▸ **DATASET EXCERPT**:
------------------------------------------------------------------------

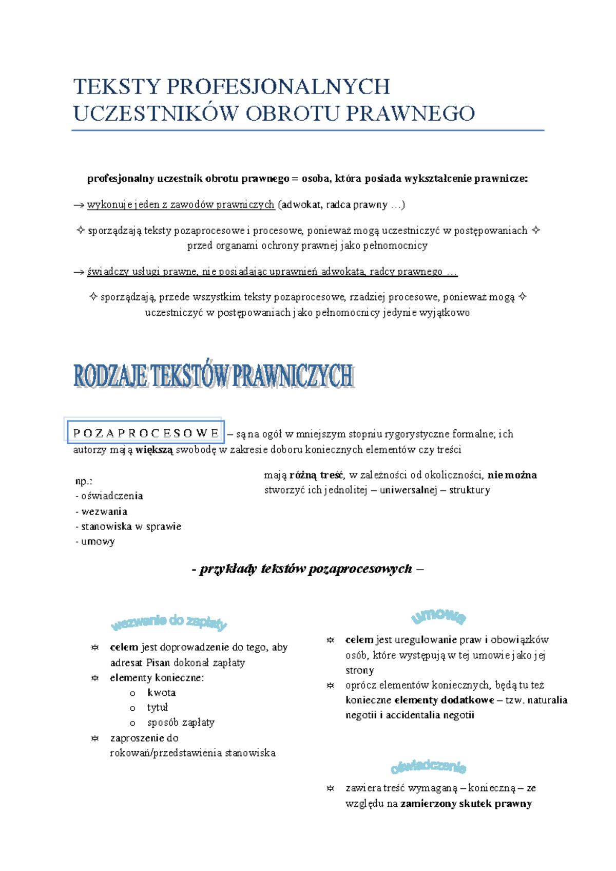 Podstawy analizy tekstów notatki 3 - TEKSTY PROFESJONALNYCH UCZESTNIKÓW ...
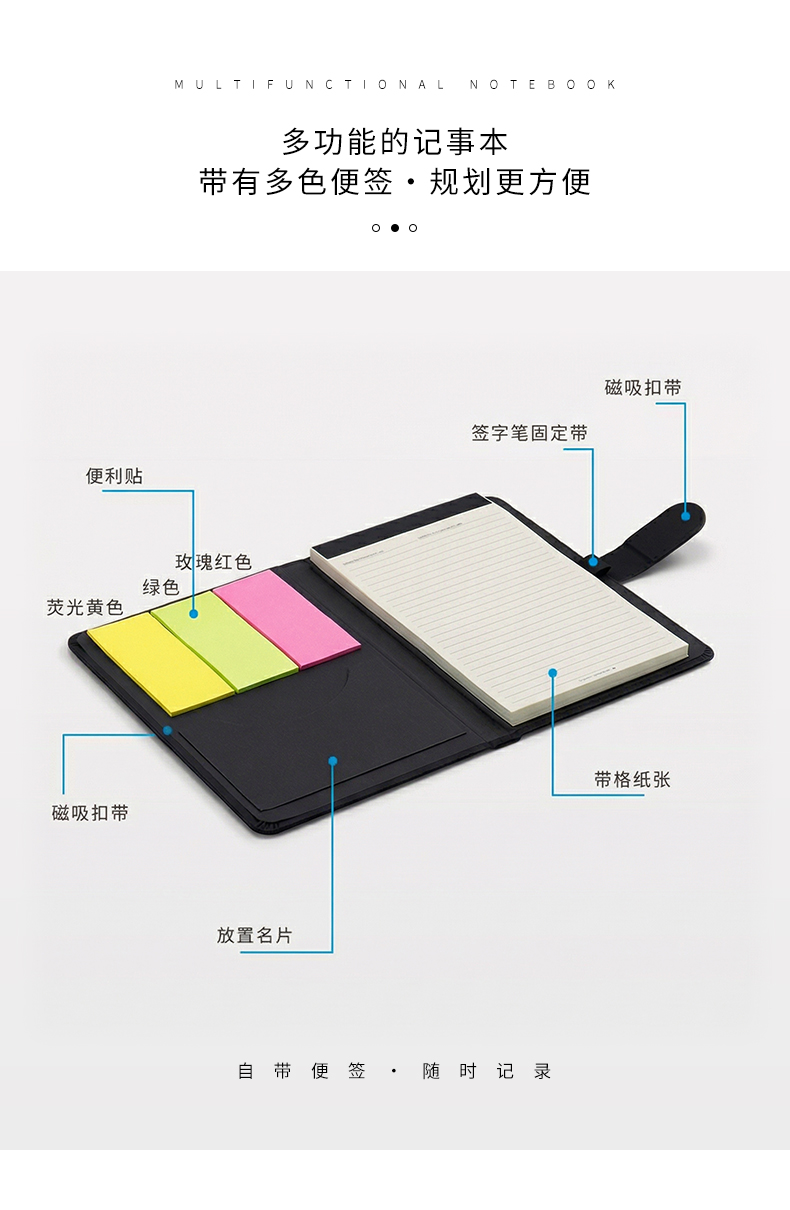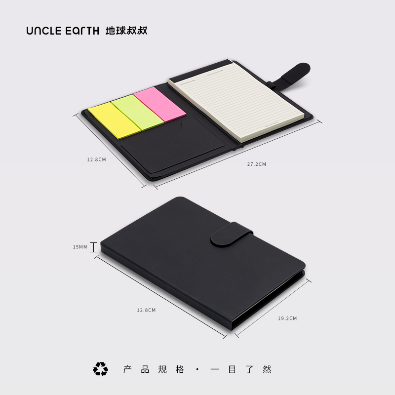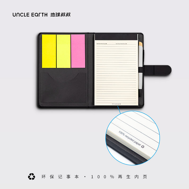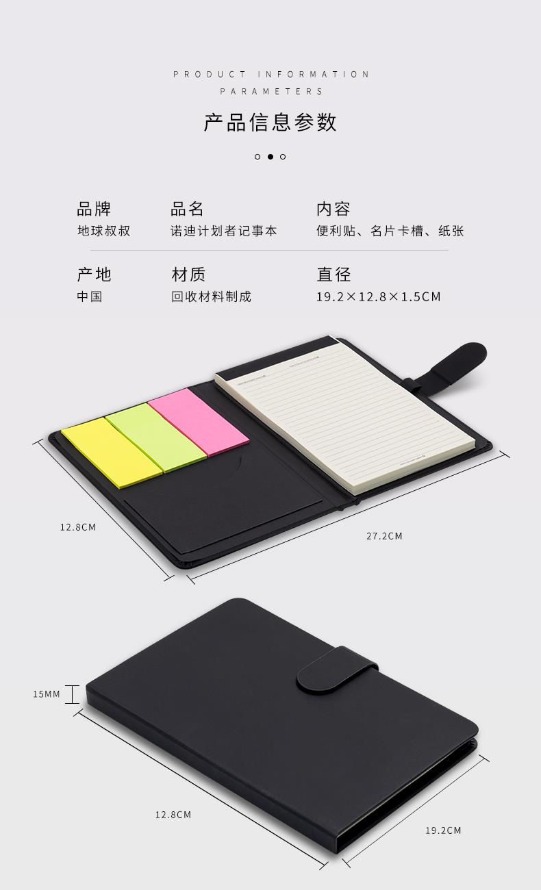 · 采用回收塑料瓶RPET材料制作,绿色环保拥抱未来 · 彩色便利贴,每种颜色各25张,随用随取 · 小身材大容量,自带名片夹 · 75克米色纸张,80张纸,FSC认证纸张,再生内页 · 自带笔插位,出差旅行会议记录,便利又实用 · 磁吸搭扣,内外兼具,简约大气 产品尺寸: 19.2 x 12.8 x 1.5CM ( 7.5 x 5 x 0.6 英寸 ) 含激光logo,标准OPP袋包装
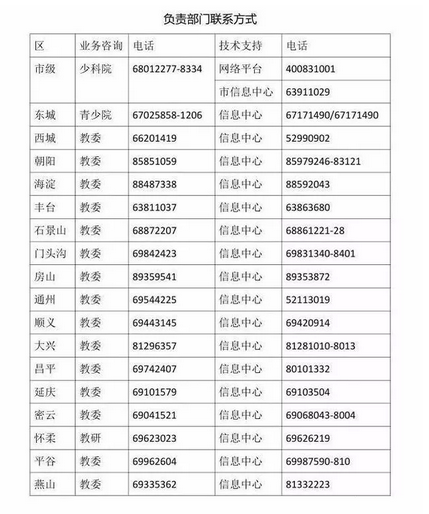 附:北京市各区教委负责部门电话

------------------------------------------------------------------------

▸ **EXERCISE AIM**:
Find the line containing "英寸 ) 含激光logo,标准OPP袋包装", then extract it and every line after it to the end of the data above, exactly and nothing else, without pictures.

▸ **SOLUTION FOR THIS EXERCISE**:
 · 采用回收塑料瓶RPET材料制作,绿色环保拥抱未来 · 彩色便利贴,每种颜色各25张,随用随取 · 小身材大容量,自带名片夹 · 75克米色纸张,80张纸,FSC认证纸张,再生内页 · 自带笔插位,出差旅行会议记录,便利又实用 · 磁吸搭扣,内外兼具,简约大气 产品尺寸: 19.2 x 12.8 x 1.5CM ( 7.5 x 5 x 0.6 英寸 ) 含激光logo,标准OPP袋包装
 附:北京市各区教委负责部门电话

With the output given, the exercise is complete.